Two pellets, each with a charge of 0.80 microcoulomb (8.0×10−7 C ), are located 2.8 cm (2.8×10−2 m ) apart.
Part A
Find the electric force between them.
To find the electric force between the two pellets, you can use Coulomb's Law, which states that the electric force between two charged objects is directly proportional to the product of their charges and inversely proportional to the square of the distance between them.

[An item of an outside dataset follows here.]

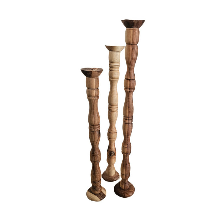 جاشمعی طرح پایه دار ساده از بهترین نوع چوب گردو تهیه گردیده است مجموعه سه عددی در سایزهای ۷۵ و ۸۵ و ۹۵ کنار سالنی تهیه گردیده است این مجموعه توسط اساتید خراط ایرانی تهیه شده است
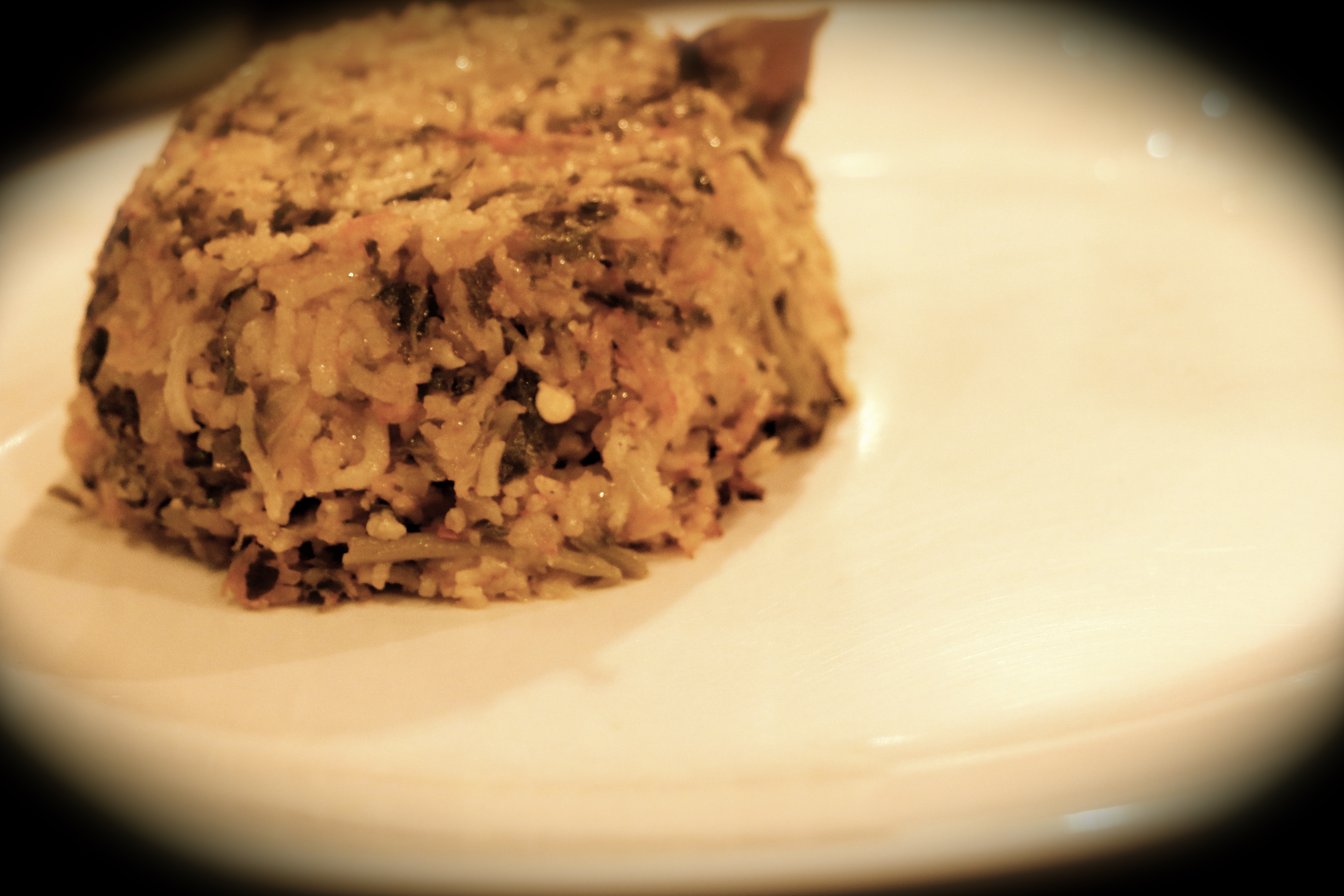 Ingredients round-up : To Season– OIl/Ghee, Cumin seeds,Bay leaves, Cinnamon sticks and cloves, pinch of hing/asafoetida Main Ingredients – Basmati Rice (At least 2 Cups for two people), Water(3.5 cups),Green chillies(according to your level of spice) One big onion, Tomatoes, One green pepper, handful of coriander and mint leaves, a whole bunch of Methi leaves. Other Spices– Red chilli powder, Turmeric powder, Salt to taste This rice can be served with plain yoghurt or any simple raita of your choice.

The formula for electric force (F) can be written as:
F = (k * q1 * q2) / r^2
Where:
- F is the electric force between the two pellets
- k is the electrostatic constant, approximately 9 × 10^9 Nm^2/C^2
- q1 and q2 are the charges of the two pellets
- r is the distance between the two pellets
In this case, the charges of the pellets are both 0.80 microcoulomb, which is equivalent to 8.0 × 10^-7 C. The distance between the pellets is 2.8 cm, which is equivalent to 2.8 × 10^-2 m.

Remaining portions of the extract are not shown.